>>>

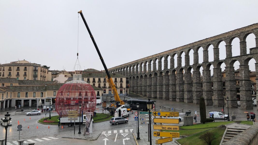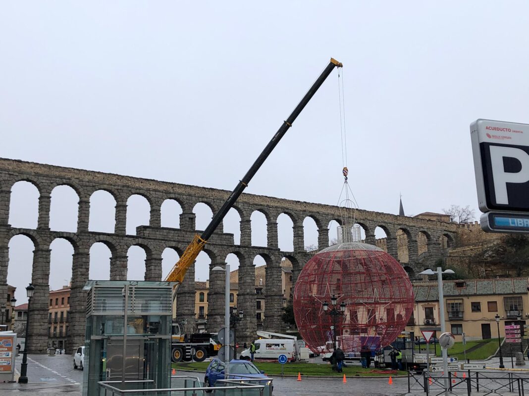 Los operarios trabajan en estos momentos en la colocación de la bola de Navidad que durante el día de ayer fue tumbada por las fuertes rachas de viento.
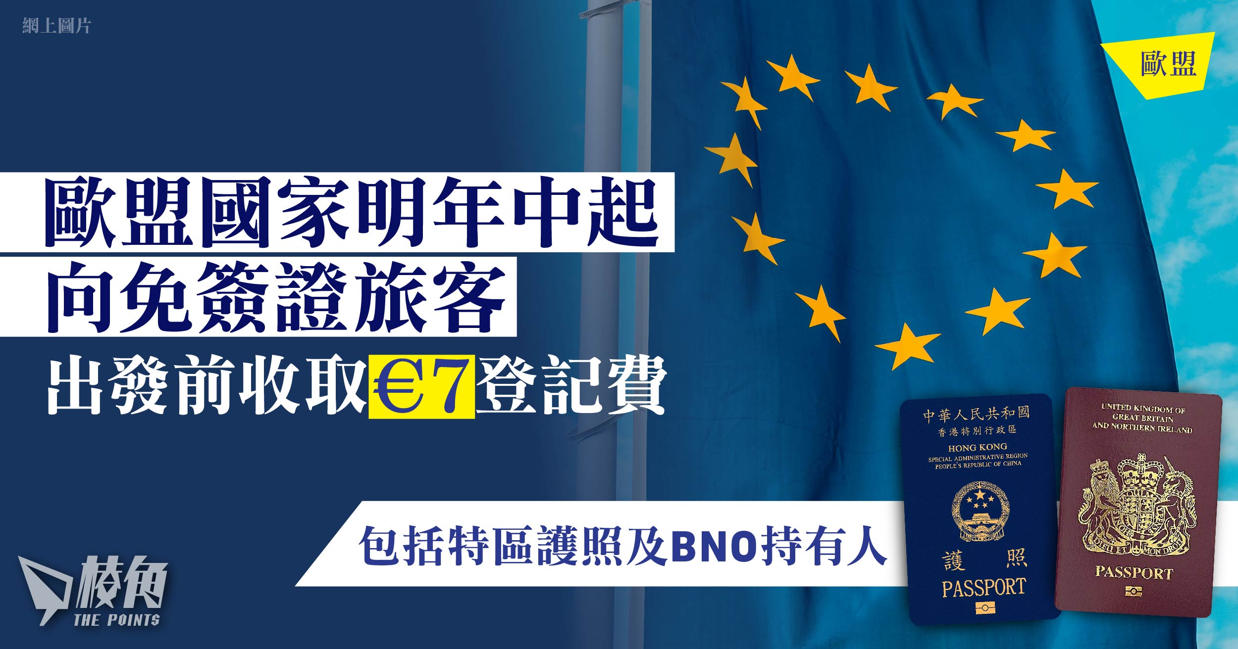 歐盟及神根地區(Schengen Area)國家推出兩項新入境措施,明年中起要求免簽證入境國家旅客,在入境歐洲前,於「歐盟旅行資訊及授權系統」(ETIAS)進行登記,過程會收費7歐元(約港幣59元),香港特區護照及BNO持有人包括亦在內。另外,今年第三季起歐盟將採用新出入境系統,蒐集入境旅客的面孔及指紋,代替在護照上蓋印紀錄。
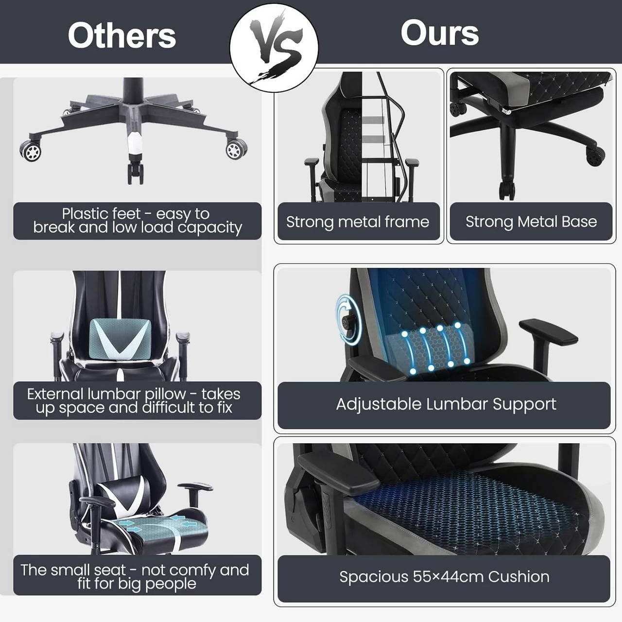 - MEHR STABILITÄT: Im Vergleich zu den herkömmlichen Gaming-Stühlen mit Kunststoffbeinen ist dieser Sessel mit einem vergrößerten Metallfuß und einer Rückenlehne mit Metallinnenrahmen ausgestattet, damit er langlebig, rostfrei ist und bis zu 150 kg tragen kann.
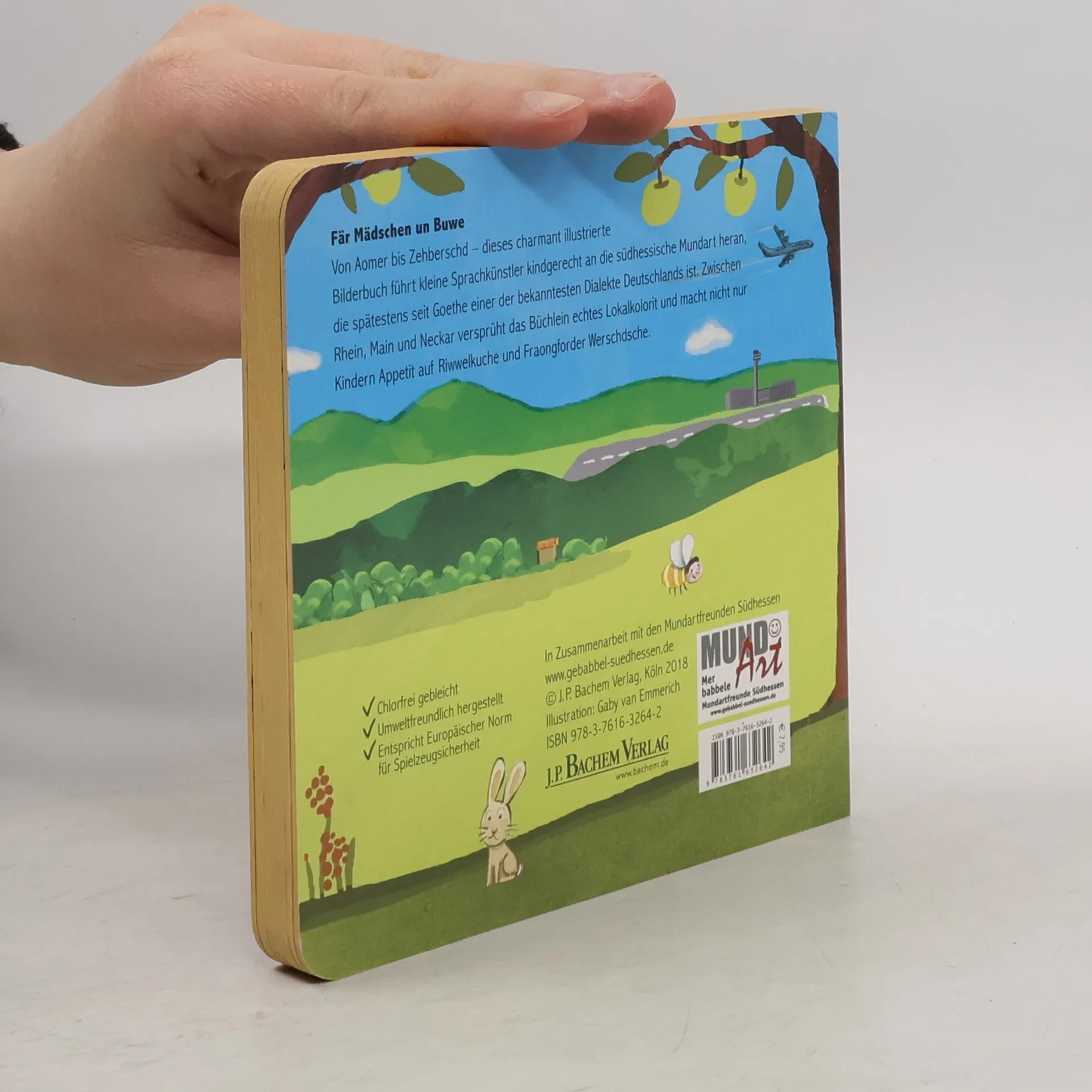 Ei horsche se mal, wer babbelt denn da? Das Hessische, und insbesondere die südhessische Mundart, ist mindestens seit Goethe einer der bekanntesten Dialekte Deutschlands. Gaby van Emmerichs Kinderbuch führt kleine Sprachkünstler auf neun charmant illustrierten Papp-Doppelseiten an den weichen Zungenschlag heran – und versprüht zwischen Frankfurt, Darmstadt und Wiesbaden echten Lokalkolorit. Ein großer Spaß nicht nur für Meedscher un Bube!
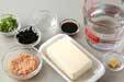 鍋に<スープ>の材料を入れて強火にかけ、煮立てばツナ缶を汁ごと、豆腐を加える。
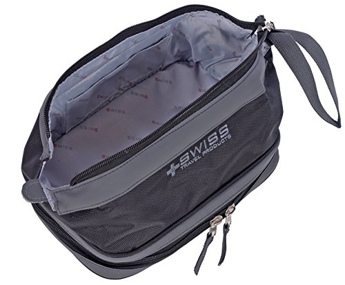 Swiss Trip Products deluxe toiletry kit features a big main compartment to store your entire essentials. This Trip kit sleek design is fabricated with strong resistant 1680d polyester. The zippered
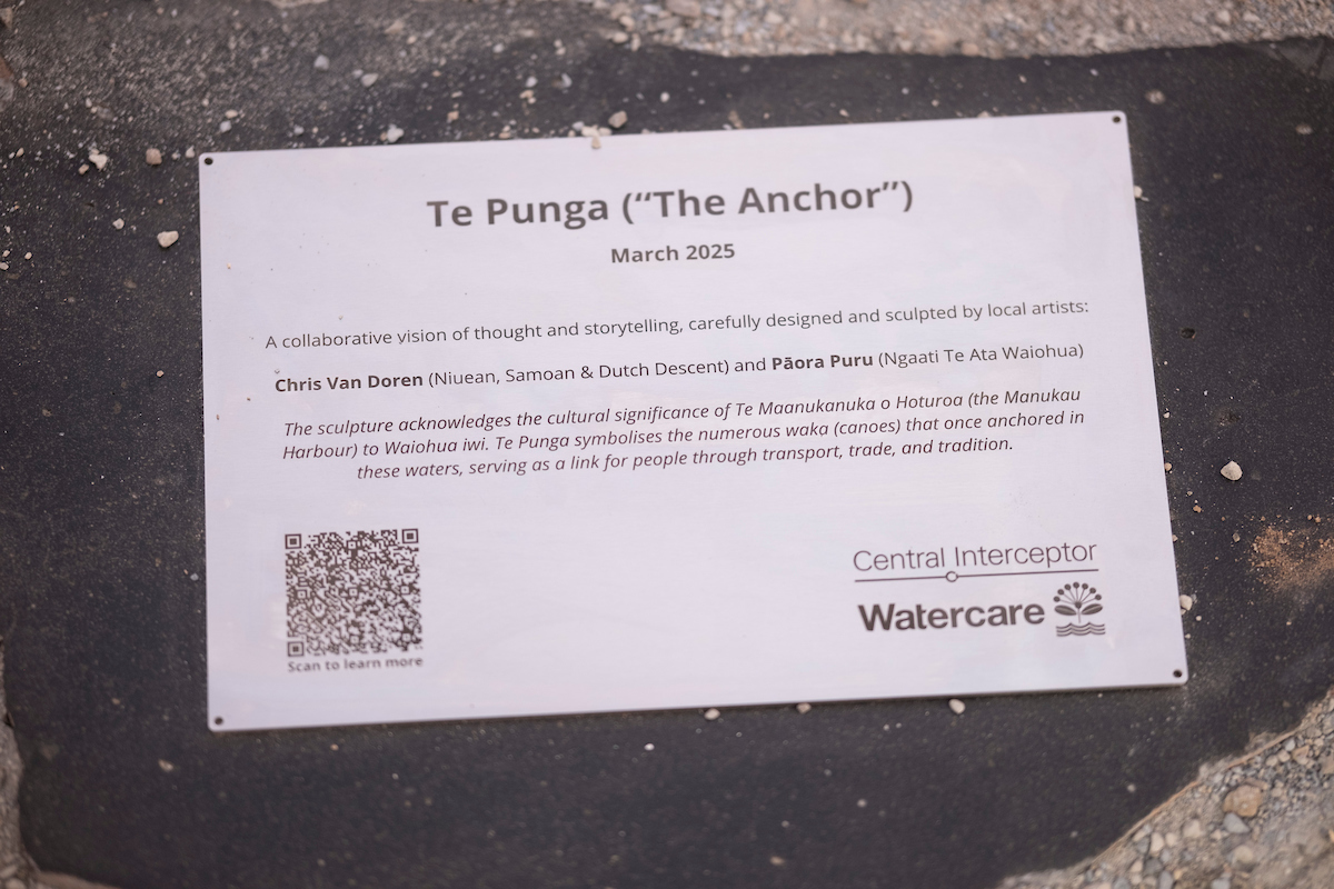The sculpture, meaning "The Anchor" - symbolises a waka anchor, as a reference to the area being a traditional waka trading route, was revealed in a ceremony that included Māngere College students, Mana Whenua, Māngere-Ōtāhuhu Local Board, Watercare and local community members.

<<<

-- INSTRUCTIONS TO FOLLOW --
All lines from the first in the listing above to the line containing "- MEHR STABILITÄT: Im", inclusive, go in the output exactly as they are; no pictures go in.

-- YOUR SOLUTION --
 Los operarios trabajan en estos momentos en la colocación de la bola de Navidad que durante el día de ayer fue tumbada por las fuertes rachas de viento.
 歐盟及神根地區(Schengen Area)國家推出兩項新入境措施,明年中起要求免簽證入境國家旅客,在入境歐洲前,於「歐盟旅行資訊及授權系統」(ETIAS)進行登記,過程會收費7歐元(約港幣59元),香港特區護照及BNO持有人包括亦在內。另外,今年第三季起歐盟將採用新出入境系統,蒐集入境旅客的面孔及指紋,代替在護照上蓋印紀錄。
 - MEHR STABILITÄT: Im Vergleich zu den herkömmlichen Gaming-Stühlen mit Kunststoffbeinen ist dieser Sessel mit einem vergrößerten Metallfuß und einer Rückenlehne mit Metallinnenrahmen ausgestattet, damit er langlebig, rostfrei ist und bis zu 150 kg tragen kann.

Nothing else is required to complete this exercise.